- Exercise data
BEGIN

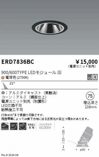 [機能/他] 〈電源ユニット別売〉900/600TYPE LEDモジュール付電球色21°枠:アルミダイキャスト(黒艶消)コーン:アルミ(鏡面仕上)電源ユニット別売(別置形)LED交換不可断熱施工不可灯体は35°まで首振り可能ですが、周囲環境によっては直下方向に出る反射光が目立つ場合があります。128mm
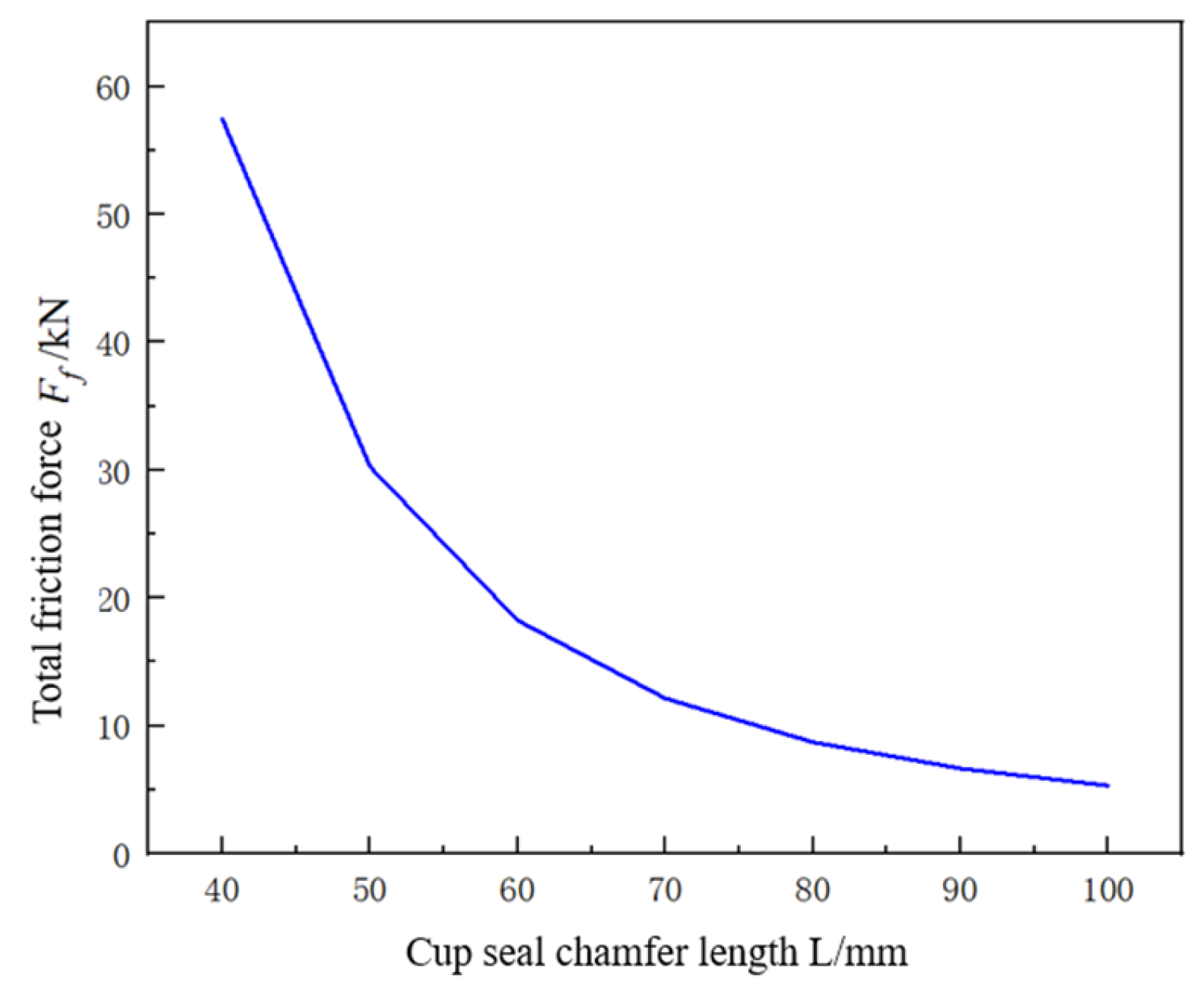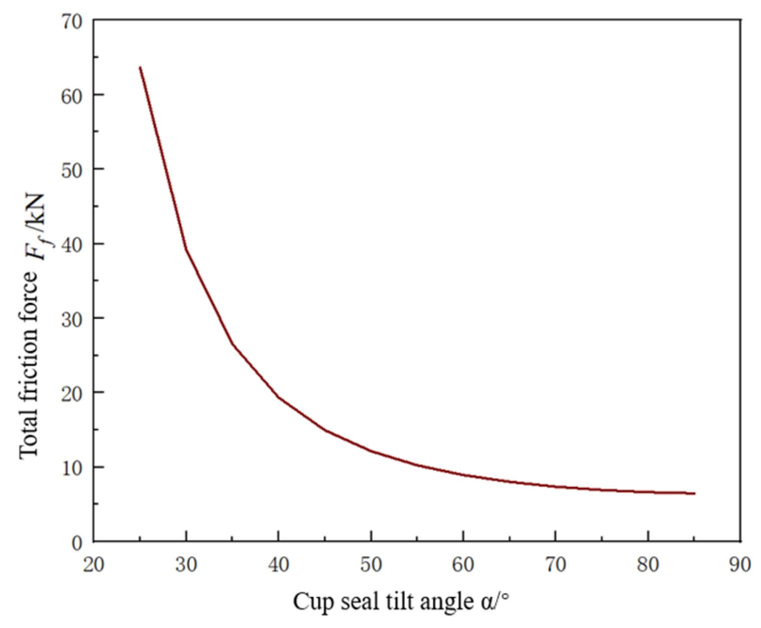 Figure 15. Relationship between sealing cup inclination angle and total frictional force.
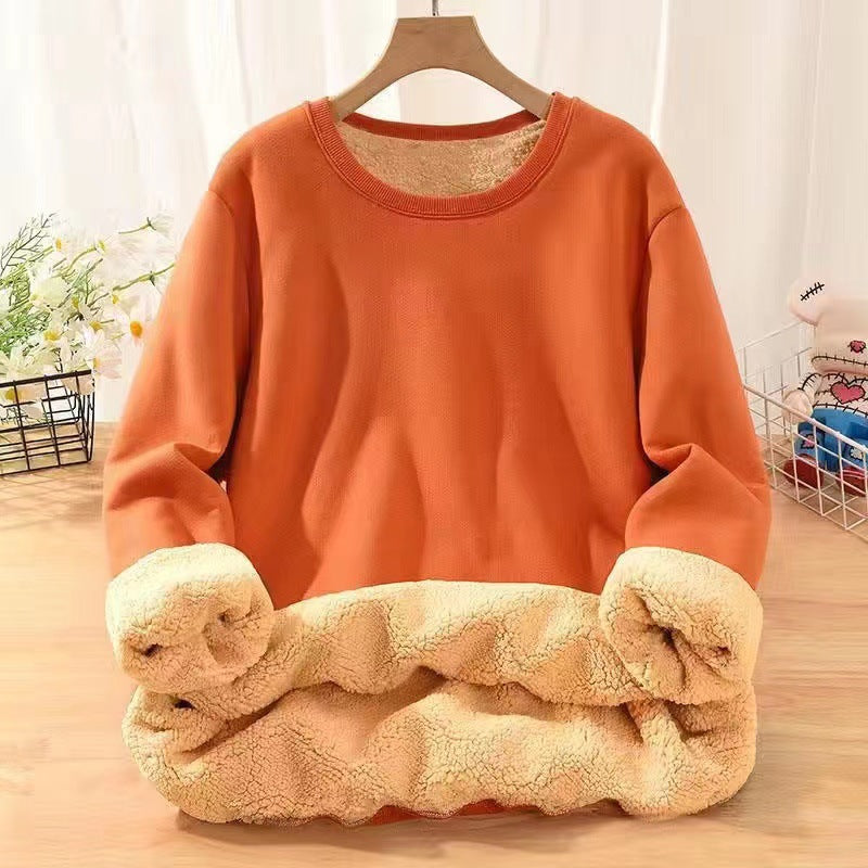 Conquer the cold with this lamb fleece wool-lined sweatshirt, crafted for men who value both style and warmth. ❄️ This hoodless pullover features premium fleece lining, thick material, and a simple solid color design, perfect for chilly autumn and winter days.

END

- Task item
Give again exactly the lines running from the beginning of the material above through the line that contains "Figure 15. Relationship", and leave out every picture.

- Result of the task
 [機能/他] 〈電源ユニット別売〉900/600TYPE LEDモジュール付電球色21°枠:アルミダイキャスト(黒艶消)コーン:アルミ(鏡面仕上)電源ユニット別売(別置形)LED交換不可断熱施工不可灯体は35°まで首振り可能ですが、周囲環境によっては直下方向に出る反射光が目立つ場合があります。128mm
 Figure 15. Relationship between sealing cup inclination angle and total frictional force.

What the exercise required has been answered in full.